(LISTED RECORDS Opens)

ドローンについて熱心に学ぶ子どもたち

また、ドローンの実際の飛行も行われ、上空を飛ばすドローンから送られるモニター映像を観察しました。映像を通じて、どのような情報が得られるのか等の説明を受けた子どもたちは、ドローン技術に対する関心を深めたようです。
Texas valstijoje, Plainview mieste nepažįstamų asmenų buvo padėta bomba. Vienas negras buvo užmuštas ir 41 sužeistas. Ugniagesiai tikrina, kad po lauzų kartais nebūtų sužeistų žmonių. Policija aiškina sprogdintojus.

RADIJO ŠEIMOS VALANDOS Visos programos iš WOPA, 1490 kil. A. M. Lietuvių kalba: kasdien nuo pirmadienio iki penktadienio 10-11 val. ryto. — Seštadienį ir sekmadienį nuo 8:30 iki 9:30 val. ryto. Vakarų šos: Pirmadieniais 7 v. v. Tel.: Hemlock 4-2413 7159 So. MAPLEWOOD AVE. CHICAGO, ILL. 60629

(LISTED RECORDS Closes)
(LISTED RECORDS Opens)

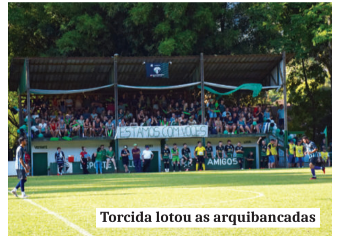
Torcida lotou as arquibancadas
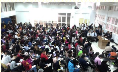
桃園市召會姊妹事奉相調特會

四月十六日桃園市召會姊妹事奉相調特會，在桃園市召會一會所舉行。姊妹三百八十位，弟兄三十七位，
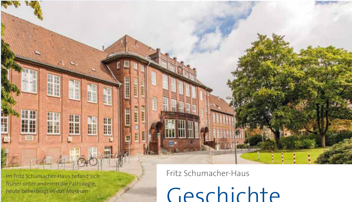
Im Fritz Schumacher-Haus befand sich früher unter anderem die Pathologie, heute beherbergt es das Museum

(LISTED RECORDS Closes)
(LISTED RECORDS Opens)

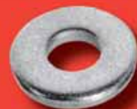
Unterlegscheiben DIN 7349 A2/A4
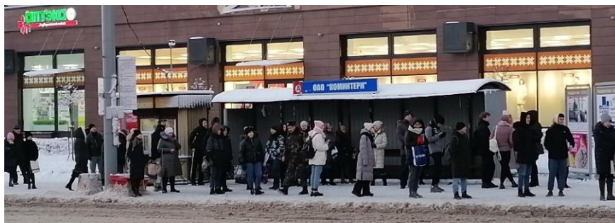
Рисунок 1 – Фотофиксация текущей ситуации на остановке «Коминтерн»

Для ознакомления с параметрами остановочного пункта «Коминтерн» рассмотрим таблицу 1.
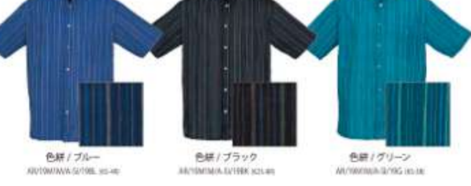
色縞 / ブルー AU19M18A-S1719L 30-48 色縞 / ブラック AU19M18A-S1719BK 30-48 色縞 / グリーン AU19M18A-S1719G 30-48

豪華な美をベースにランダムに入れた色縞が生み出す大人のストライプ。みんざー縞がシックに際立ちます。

(LISTED RECORDS Closes)

WHAT TO WORK ON: Only the lines above starting at the line that holds "また、ドローンの実際の飛行も" and ending at the line that holds "RADIJO ŠEIMOS VALANDOS" are to be repeated, exactly and in full.

THE ANSWER:
また、ドローンの実際の飛行も行われ、上空を飛ばすドローンから送られるモニター映像を観察しました。映像を通じて、どのような情報が得られるのか等の説明を受けた子どもたちは、ドローン技術に対する関心を深めたようです。
Texas valstijoje, Plainview mieste nepažįstamų asmenų buvo padėta bomba. Vienas negras buvo užmuštas ir 41 sužeistas. Ugniagesiai tikrina, kad po lauzų kartais nebūtų sužeistų žmonių. Policija aiškina sprogdintojus.

RADIJO ŠEIMOS VALANDOS Visos programos iš WOPA, 1490 kil. A. M. Lietuvių kalba: kasdien nuo pirmadienio iki penktadienio 10-11 val. ryto. — Seštadienį ir sekmadienį nuo 8:30 iki 9:30 val. ryto. Vakarų šos: Pirmadieniais 7 v. v. Tel.: Hemlock 4-2413 7159 So. MAPLEWOOD AVE. CHICAGO, ILL. 60629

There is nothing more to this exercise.